◆ WHAT TO DO ◆
Exclude the pictures and repeat all of the data exactly.

· · · · · · ·

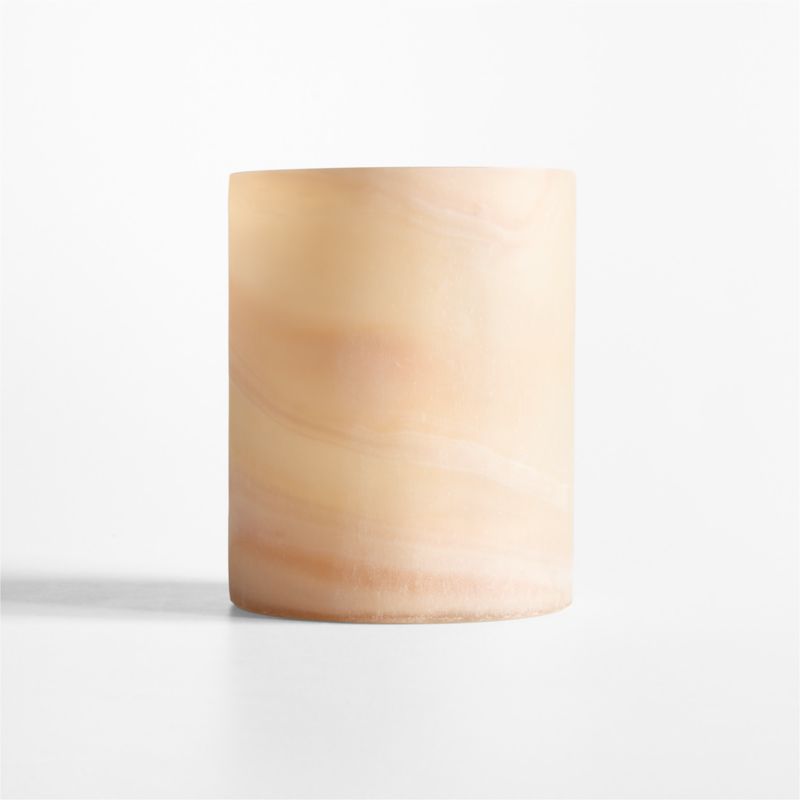 Inspired by the tumbled sea glass found on the coast, our serene Sydney collection brings the beauty of the beach home. Sand-hued glass subtly swirled with pink, white and mauve shapes the hurricane. A white marbled finish applied by hand gives depth and fascination to the clean-curved cylinder. Our exclusive Sydney hurricane instantly adds coastal cool to your decor, especially with a candle glowing within. Due to its handcrafted nature and unique finish, each candle holder is one of a kind.
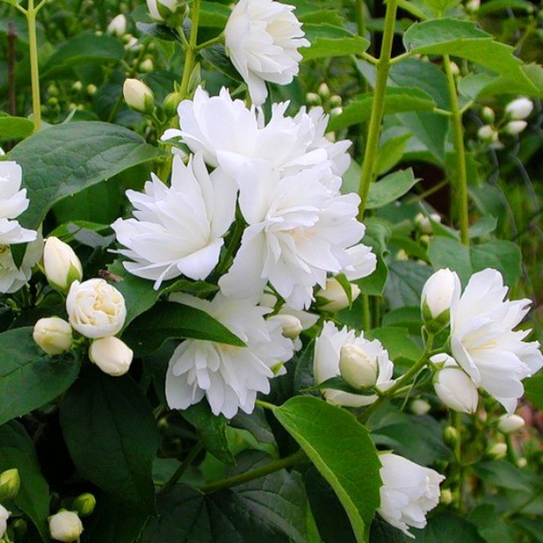 Саженцы чубушника Girandole вертикально растущие, их отличительной чертой является густая крона со свисающими ветвями. Куст вырастает до 1,5 метра в высоту. Чем старше кустарник, тем более широкой становится его крона. Имеет небольшие листья яйцевидной формы, опушенные с обеих сторон, темного зеленого цвета.Цветение данного вида начинается в конце весны. Цветков много, у них очень нежный запах. В одном соцветии может находиться до семи цветков. Диаметр цветков около 3,5 см. они белого цвета, густомахровые.Перед посадкой крупномера Girandole требуется дренировать почву. Куст солнцелюбив, но может расти и в тени, однако будет слабеть. Используется при создании цветовых композиций.
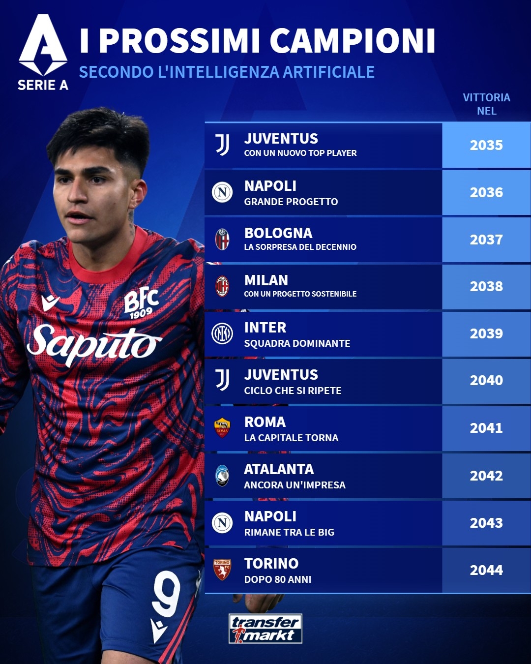 ChatGPT預測未來(lái)20年意甲冠軍:國米、尤文:4冠米蘭、那不勒斯:3冠羅馬、亞特蘭大:2冠博洛尼亞、都靈:1冠 標簽: 足球 意甲 AC米蘭 亞特蘭大 國際米蘭 都靈 尤文圖斯 羅馬 那不勒斯 博洛尼亞
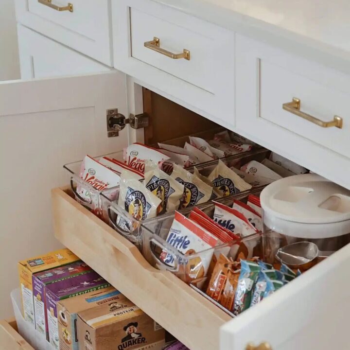 It’s a smart solution for storing individually packed snacks and pantry items without cluttering up your countertops.
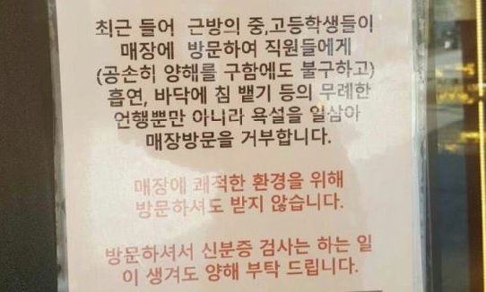 주로 음식점이 이러한 예이며, 해당 상점들에서는 ‘본 가게는 n세 미만 어린이 및 초등학생 입장이 불가하며 보호자와의 동반 입장 또한 불가합니다’ 등의 안내문을 앞에 써 붙여 놓는다.
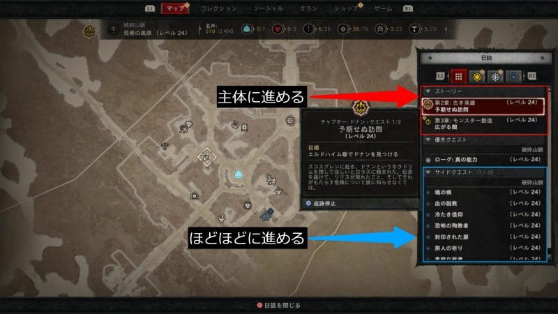 ディアブロ4では、没入感を向上させるようなストーリーが数多く存在します。 クエストはメインとなるストーリーと優先クエスト、そして!マーク付きNPCと会話することで発生するサイドクエストから構成されています。
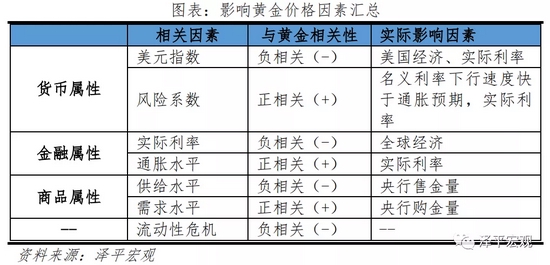 总结影响黄金价格的各类因素,主要分为六大方面,然而从六大因素的背后实际驱动因素来看,主要与美国经济及实际利率,央行购/售金行为变化密切相关:
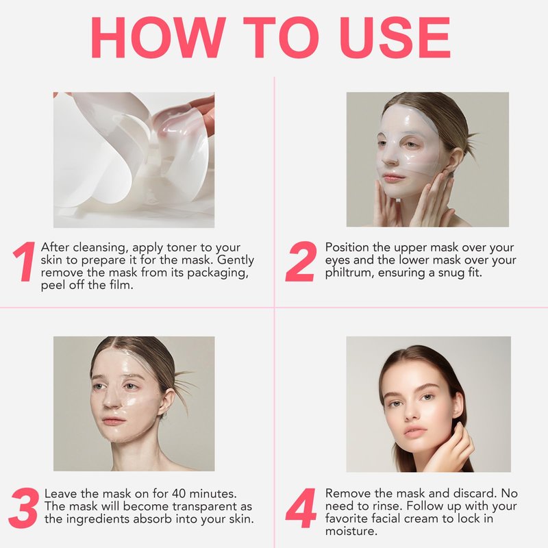 - 【Easy Application】(1) Start with a clean face and follow your usual skincare routine. (2) Open the package and peel off the backing from the mouth part. Apply it around your mouth, smoothing the sides. (3) Remove the backing from the other mask and apply it around your eyes, smoothing it on your skin until flat. (4) Let it absorb for at least 40 minutes or until it becomes transparent, then discard after use.
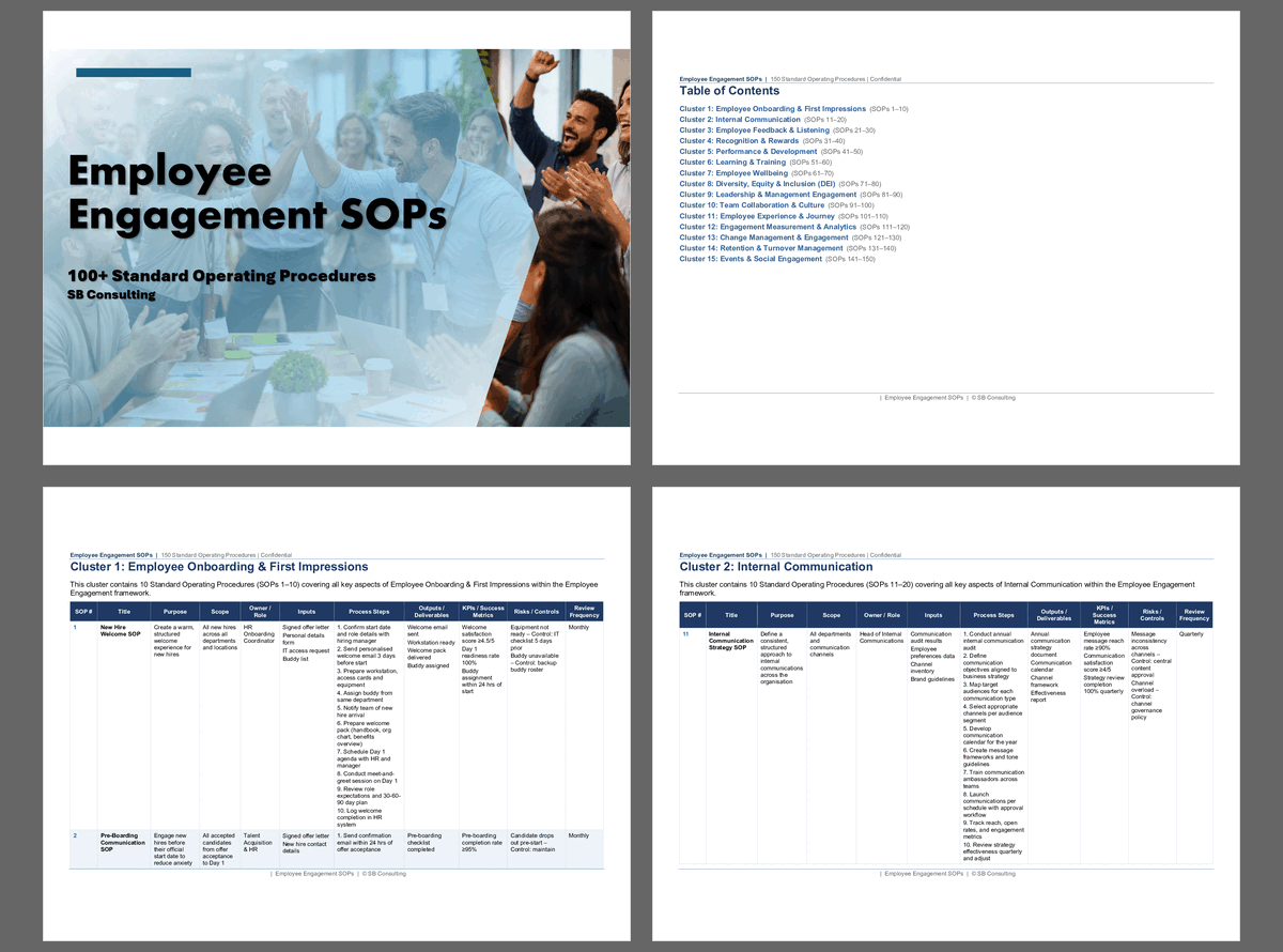 ✔ 150 Employee Engagement SOPs (End-to-End Coverage)
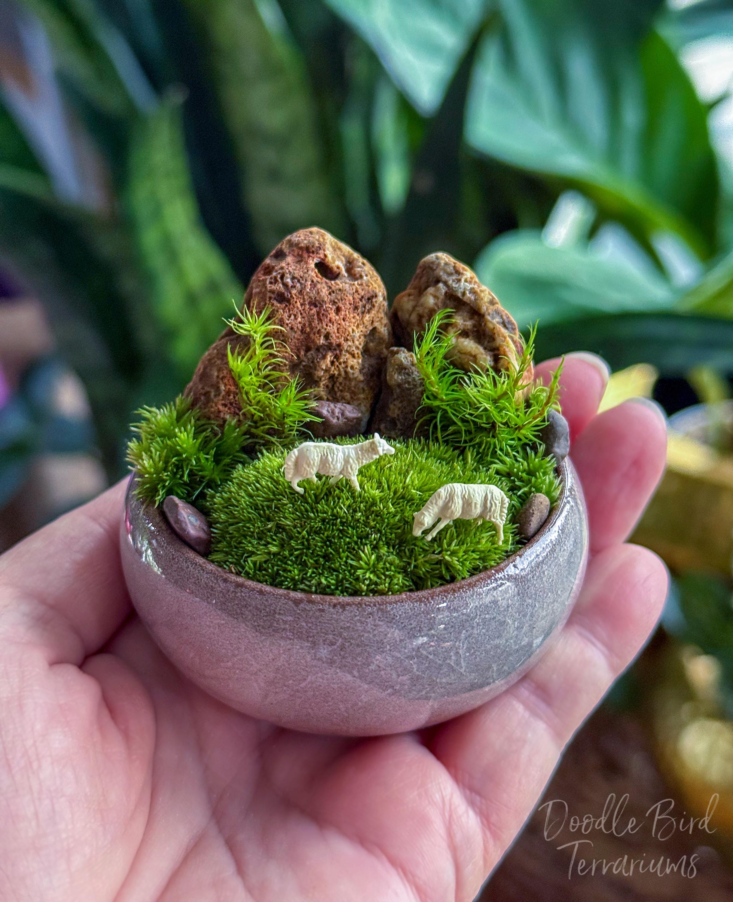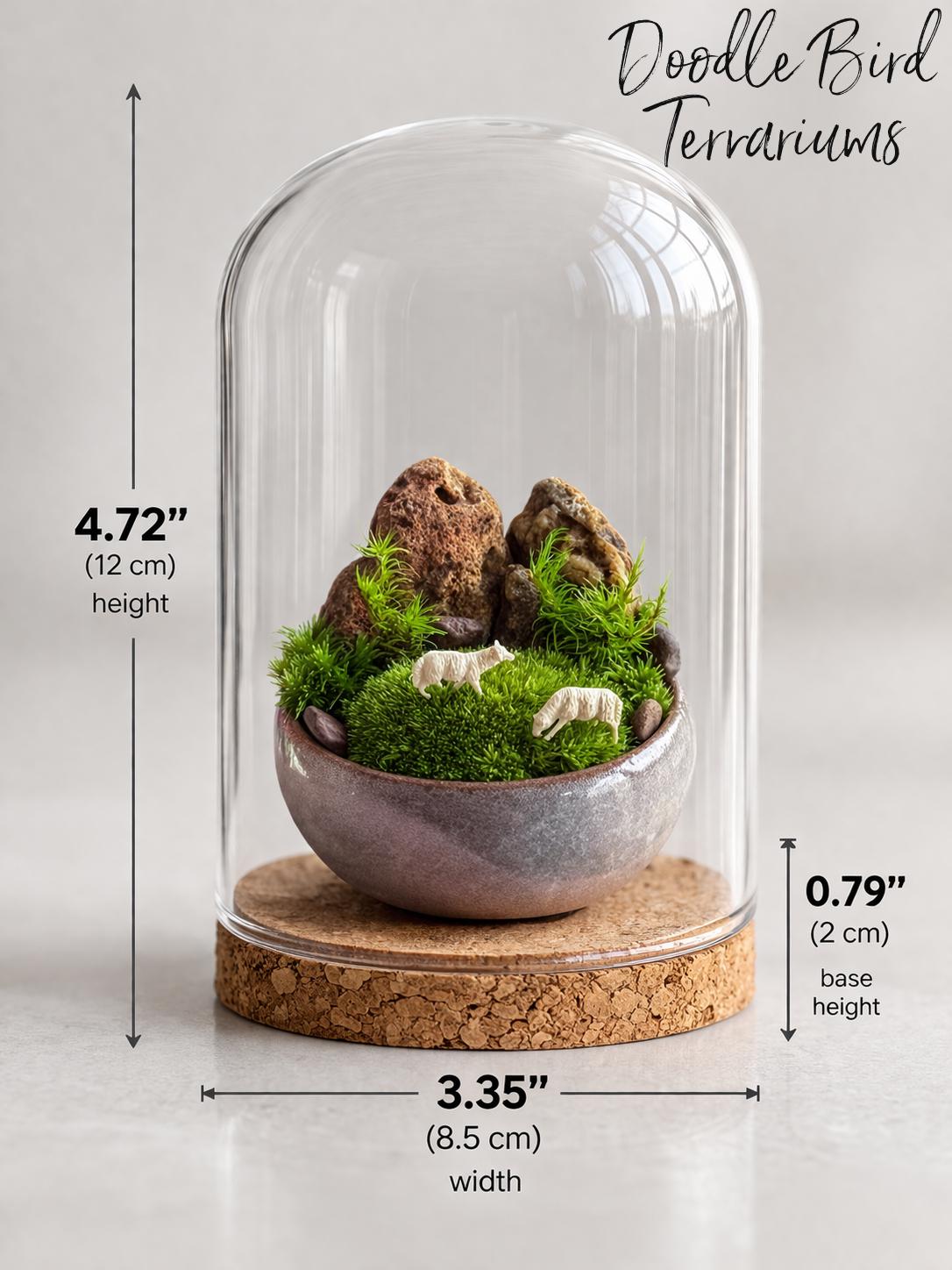 Terrariums are packaged with great care. Packing material is used both inside and outside the jar so that the contents are not jumbled around during shipping. Any terrarium containing live plants should be unpacked immediately after arrival. Plants cannot survive long periods of time inside the box or with packing material covering them. If you need to keep the terrarium in the box then place it in the refrigerator until needed. This will keep the plant fresh (simulating winter conditions) and green. Remember to remove the packing material prior to storage.
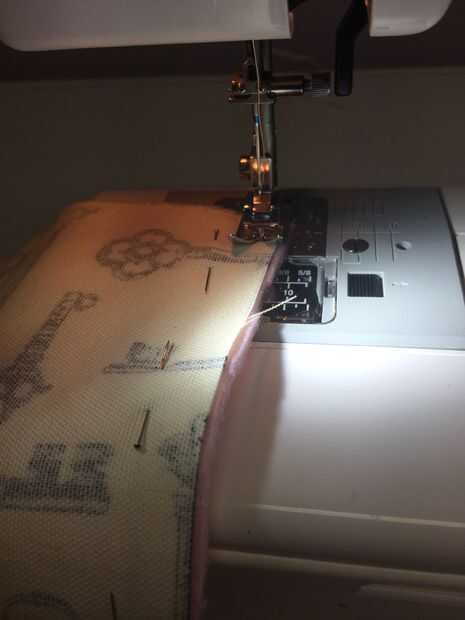 Ahora empezamos la costura... Asegúrese de colocar su pie de presión, a continuación, utilice la rueda de mano para bajar la aguja antes de usar el pedal. A continuación empuje el pedal un par de veces y golpear el botón de reverso para asegurarse de que el principio de su almohada se queda juntos. Siempre que llegar al final en su primer lado Asegúrese de que utilizar la rueda de mano volver a poner la aguja en la tela que usted puede dar vuelta para hacer lo siguiente. Cuando la aguja está en el tejido, levante el pie de presión y gire.
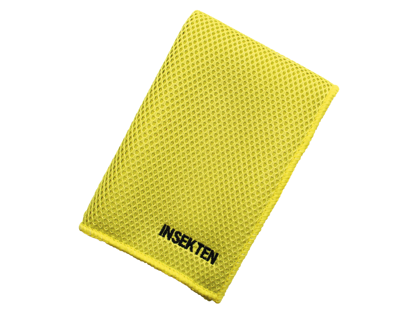 Insektentuch. Spezielle Struktur zur rückstandslosen Entfernung von Insektenverschmutzungen auf Glas- und Lackflächen.
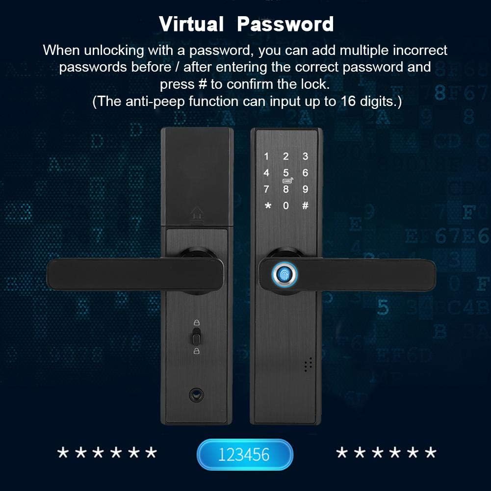 Cerradura de Puerta Inteligente, Cerradura de Puerta de Seguridad Electrónica Wifi Con Llave Mecánica para Función Tuya Pantalla Táctil Huella Digital Contraseña IC Tarjeta de Aplicación, Estable Y

· · · · · · ·

◆ RESPONSE TO THIS TASK ◆
 Inspired by the tumbled sea glass found on the coast, our serene Sydney collection brings the beauty of the beach home. Sand-hued glass subtly swirled with pink, white and mauve shapes the hurricane. A white marbled finish applied by hand gives depth and fascination to the clean-curved cylinder. Our exclusive Sydney hurricane instantly adds coastal cool to your decor, especially with a candle glowing within. Due to its handcrafted nature and unique finish, each candle holder is one of a kind.
 Саженцы чубушника Girandole вертикально растущие, их отличительной чертой является густая крона со свисающими ветвями. Куст вырастает до 1,5 метра в высоту. Чем старше кустарник, тем более широкой становится его крона. Имеет небольшие листья яйцевидной формы, опушенные с обеих сторон, темного зеленого цвета.Цветение данного вида начинается в конце весны. Цветков много, у них очень нежный запах. В одном соцветии может находиться до семи цветков. Диаметр цветков около 3,5 см. они белого цвета, густомахровые.Перед посадкой крупномера Girandole требуется дренировать почву. Куст солнцелюбив, но может расти и в тени, однако будет слабеть. Используется при создании цветовых композиций.
 ChatGPT預測未來(lái)20年意甲冠軍:國米、尤文:4冠米蘭、那不勒斯:3冠羅馬、亞特蘭大:2冠博洛尼亞、都靈:1冠 標簽: 足球 意甲 AC米蘭 亞特蘭大 國際米蘭 都靈 尤文圖斯 羅馬 那不勒斯 博洛尼亞
 It’s a smart solution for storing individually packed snacks and pantry items without cluttering up your countertops.
 주로 음식점이 이러한 예이며, 해당 상점들에서는 ‘본 가게는 n세 미만 어린이 및 초등학생 입장이 불가하며 보호자와의 동반 입장 또한 불가합니다’ 등의 안내문을 앞에 써 붙여 놓는다.
 ディアブロ4では、没入感を向上させるようなストーリーが数多く存在します。 クエストはメインとなるストーリーと優先クエスト、そして!マーク付きNPCと会話することで発生するサイドクエストから構成されています。
 总结影响黄金价格的各类因素,主要分为六大方面,然而从六大因素的背后实际驱动因素来看,主要与美国经济及实际利率,央行购/售金行为变化密切相关:
 - 【Easy Application】(1) Start with a clean face and follow your usual skincare routine. (2) Open the package and peel off the backing from the mouth part. Apply it around your mouth, smoothing the sides. (3) Remove the backing from the other mask and apply it around your eyes, smoothing it on your skin until flat. (4) Let it absorb for at least 40 minutes or until it becomes transparent, then discard after use.
 ✔ 150 Employee Engagement SOPs (End-to-End Coverage)
 Terrariums are packaged with great care. Packing material is used both inside and outside the jar so that the contents are not jumbled around during shipping. Any terrarium containing live plants should be unpacked immediately after arrival. Plants cannot survive long periods of time inside the box or with packing material covering them. If you need to keep the terrarium in the box then place it in the refrigerator until needed. This will keep the plant fresh (simulating winter conditions) and green. Remember to remove the packing material prior to storage.
 Ahora empezamos la costura... Asegúrese de colocar su pie de presión, a continuación, utilice la rueda de mano para bajar la aguja antes de usar el pedal. A continuación empuje el pedal un par de veces y golpear el botón de reverso para asegurarse de que el principio de su almohada se queda juntos. Siempre que llegar al final en su primer lado Asegúrese de que utilizar la rueda de mano volver a poner la aguja en la tela que usted puede dar vuelta para hacer lo siguiente. Cuando la aguja está en el tejido, levante el pie de presión y gire.
 Insektentuch. Spezielle Struktur zur rückstandslosen Entfernung von Insektenverschmutzungen auf Glas- und Lackflächen.
 Cerradura de Puerta Inteligente, Cerradura de Puerta de Seguridad Electrónica Wifi Con Llave Mecánica para Función Tuya Pantalla Táctil Huella Digital Contraseña IC Tarjeta de Aplicación, Estable Y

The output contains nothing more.